The network approach is simpler to implement and fits well with containerized
deployments where soffice already runs as a separate service.

### Kubernetes: scaling note

The soffice Docker image is ~1.7GB, but image layers are shared across all
containers on the same node — running 10 pods doesn't use 10× the disk.
Each soffice process uses ~50-150MB RSS (spiking during conversion). The
per-container namespace overhead (~10-20MB) is negligible in comparison.

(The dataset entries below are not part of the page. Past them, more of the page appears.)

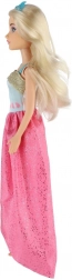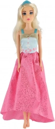 La longue jupe rose brillante avec un corsage bleu contrasté donne à la poupée un look exceptionnel – idéal pour un bal ou un défilé de mode.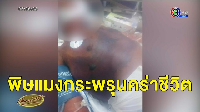 โดยนางช่อฟ้า แซ่อุ๋ย อายุ 48 ปี น้องสาวผู้เสียชีวิต ได้เปิดเผยว่า เมื่อช่วงเย็นวันที่ 23 ก.ค.ที่ผ่านมา หลังจากที่นายบุญธรรม พี่ชาย ผู้เสียชีวิต เดินทางกลับจากหาปลา มาถึงบ้าน เพียง 3 ชั่วโมง ก็เริ่มมีอาการจุกแน่นหน้าอก โดยนางเบา ภรรยาผู้ตาย ได้โทรแจ้ง ก่อนที่จะรีบนำส่ง รพ.แกลง ก่อนที่ทางแพทย์จะตรวจแล้วให้ยากลับมากินที่บ้าน จนกระทั่งช่วงเช้าวันที่ 24 ก.ค.63 อาการของนายบุญธรรม ยิ่งกำเริบหนักขึ้น มีรอยไหม้ เป็นแผลพุพองที่ผิวหนัง เป็นสีดำเกรียมคล้ายกับถูกไฟไหม้ตรงบริเวณหน้าอก ผู้เสียชีวิตยังพูดได้ และบอกว่าปวดแสบปวดร้อนมาก และ หายใจติดขัด จึงรีบพาตัวส่ง รพ.ระยอง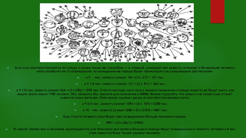 другим. Это потребовало также четверти часа. Значит, спустя полчаса после прибытия новости в город о ней знало уже 4 + (3 х 3) = 13 человек. Каждый из 9 вновь узнавших поделился в ближайшие четверть часа с 3 другими гражданами, так что к 8 3/4 часам утра новость стала известна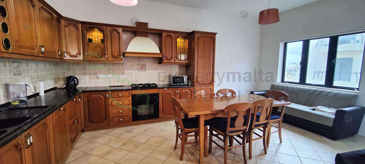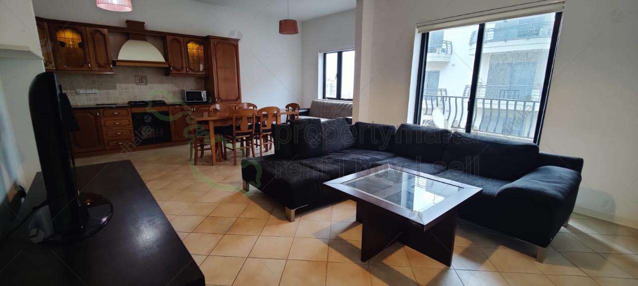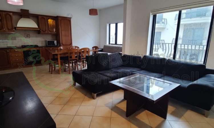 Three-bedroom apartment located close to St Thomas Bay, set on the second floor and served with lift. The property consists of an open-plan kitchen/living/dining area with a front balcony with sea views, a bathroom, three double bedrooms and an ensuite. A spiral staircase leads to the washroom and a private roof. Fully equipped with air-conditioning units installed. A one-car garage is also included in the price.
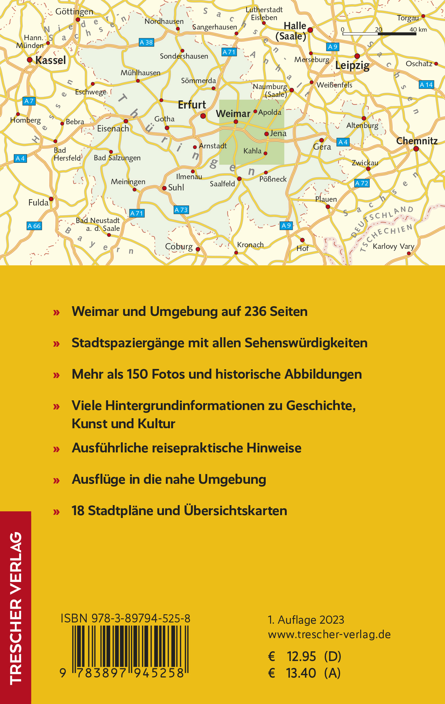 Der Trescher-Reiseführer WEIMAR stellt alle Sehenswürdigkeiten und Erinnerungsorte ausführlich vor und vermittelt Hintergrundinformationen zu Kunst und Kultur, Geschichte und Gegenwart. Das Buch hat außerdem viele Vorschläge für Spaziergänge, Wanderungen, Radtouren im Grünen und Aktivitäten mit Kindern parat. Aktuelle Reiseinformationen, Empfehlungen zu Hotels und Restaurants sowie eine Fülle von Tipps, das bunte Leben in Weimar kennenzulernen, runden den Titel ab.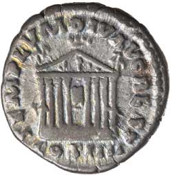 ANTONINUS PIUS, (A.D. 138-161), silver denarius, Rome mint, issued 158-9, (3.02 g), obv. ANTONINVS AVG PIVS P P, laureate head to right, rev. TEMPLVM DIV AVG REST, COS IIII in exergue, octastyle temple in which are seated two figures (Divvs Augustus and Livia) on podium, at top a facing quadriga, (S.4107, RIC 143, RSC 809) (illustrated); another, Rome mint, issued 144, (3.55 g), obv. around ANTONINVS AVG PIVS P P TR P COS III, laureate head to right, rev. around VIRTVS AVG, Virtus standing left, holding inverted spear and parazonium, (S.4138, RIC 102c, RSC 100, BMC 255). Toned, nearly very fine - very fine, scarce. (2)

Multiple pods give you health checks, restart policies, and per-instance
resource limits for free. The equivalent with embedded Ports means managing
all of that in application code.

Tested with [`libreofficedocker/alpine:3.23`](https://hub.docker.com/r/libreofficedocker/alpine).

## References

- [UNO Binary Protocol Spec](https://wiki.openoffice.org/wiki/Uno/Binary/Spec/Protocol)
- [binaryurp source](https://git.libreoffice.org/core/+/refs/heads/master/binaryurp/) — reader.cxx, writer.cxx, marshal.cxx
- [specialfunctionids.hxx](https://git.libreoffice.org/core/+/refs/heads/master/binaryurp/source/specialfunctionids.hxx)
- [typeclass.h](https://git.libreoffice.org/core/+/refs/heads/master/include/typelib/typeclass.h)
- [XInputStream](https://api.libreoffice.org/docs/idl/ref/interfacecom_1_1sun_1_1star_1_1io_1_1XInputStream.html), [XOutputStream](https://api.libreoffice.org/docs/idl/ref/interfacecom_1_1sun_1_1star_1_1io_1_1XOutputStream.html)
- [MediaDescriptor](https://api.libreoffice.org/docs/idl/ref/servicecom_1_1sun_1_1star_1_1document_1_1MediaDescriptor.html)

## License

MIT — see [LICENSE](LICENSE).

This is an independent implementation based on the public UNO protocol spec.
LibreOffice source was consulted as documentation for protocol details not
covered by the spec. No code was copied.